33. МАТЕРИАЛ ДЛЯ СТАТЬИ. ИСТОРИЯ МАШИ

            Потом все само собой образовалось. Однажды я выпила немного, поплакала, легла спать в слезах, а проснулась – с Лариской. Утро было холодное, почти зимнее, а мы еще отопление не включили, вот она и пришла ко мне греться.

            Было воскресенье, выходной, идти никуда не надо, а глаза открыть страшно: сейчас наступит день, и все закончится, будто приснилась. Но Лариска прижалась ко мне крепче.

– Ну, чего ты? – спрашивает. – Чего? У меня же не в первый раз такие отношения. Нам хорошо вместе будет…

            И правда, хорошо нам тогда было. Не механически, а как-то… Не могу объяснить. Как будто разлилось что-то теплое, какое-то чувство, как молоко, – накрыло всю землю и нас тоже. Как будто мы на глубине – под толщей этого чувства. Как будто мы защищены, спасены от чего-то.

            Мы с Лариской недели две прожили, как влюбленные. Целовались, обнимались, шампанское пили.

            Но однажды, когда она на работе была, Арсен ее пришел – как влепит мне с размаху пощечину.

– Забрать у меня Лариску надумала?

            Не знаю, что она ему сказала, но он так понял, что она не хочет с ним больше встречаться.

– Ну, – говорит, – давай тогда, как мужики, разберемся!

            Испугалась я.
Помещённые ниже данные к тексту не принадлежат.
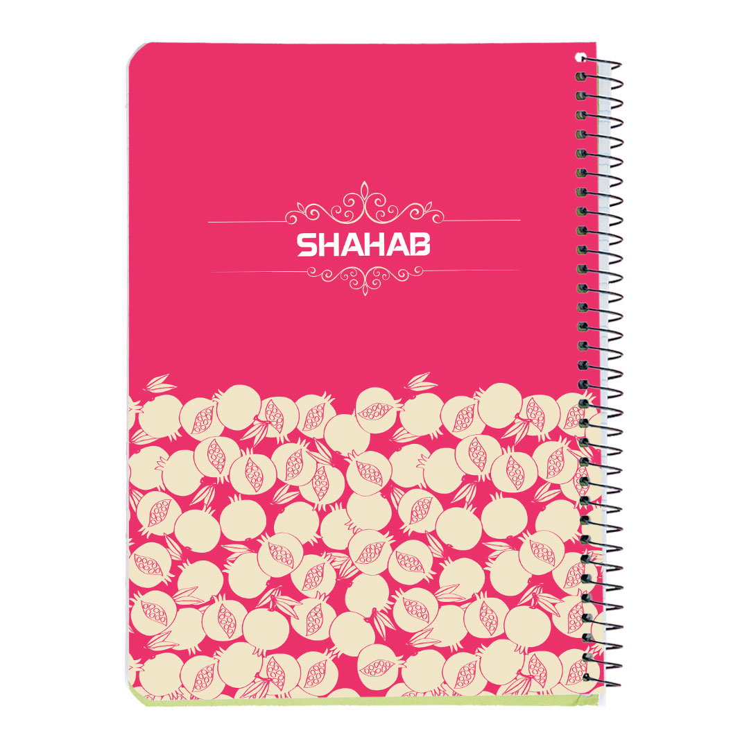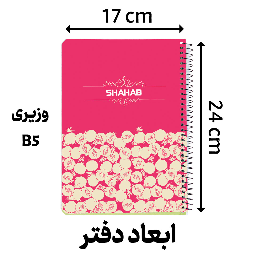 دفتر مجلد طرح های رنگی 50 برگ تهیه شده از جنس مقوای چاپ شده سلفون شده مات و براق جلد شده در ابعاد 24x17 سانتی‌متر، قطع وزیری که نوع صحافی آن فنر مارپیچ فلزی می باشد.

Щека печет. Арсен глаза на меня таращит.

– Сейчас я проверю, какой ты мужик!

            Кричи, не кричи – никто не услышит. По соседству – одни бабушки-старушки. Чего он только со мной ни делал, как только ни насиловал. И избил прилично – губы разбил, нос, даже кулаки свои испачкал. Ничем я так и не ответила, стонала только, кусалась, выворачивалась. Но не вывернулась, конечно. Здоровый он был, высокий, и член какой-то острый, колючий. Тоже до крови расцарапал.

            Я до этого никогда не жалела, что я женщина. Но тогда жалела, потому что вот в этом мужском «понимаю, когда вынимаю» – весь смысл их силы и их победы. И на это ничем нельзя ответить…

– Лариску я от тебя заберу, – сказал мне. – А если ты, сука, хоть один шаг к ней сделаешь – размозжу голову, и пикнуть не успеешь!

            Лариска пришла с работы, а я в луже крови валяюсь, слезами и соплями капаю. Три дня она меня выхаживала, а потом вещи собрала и ушла.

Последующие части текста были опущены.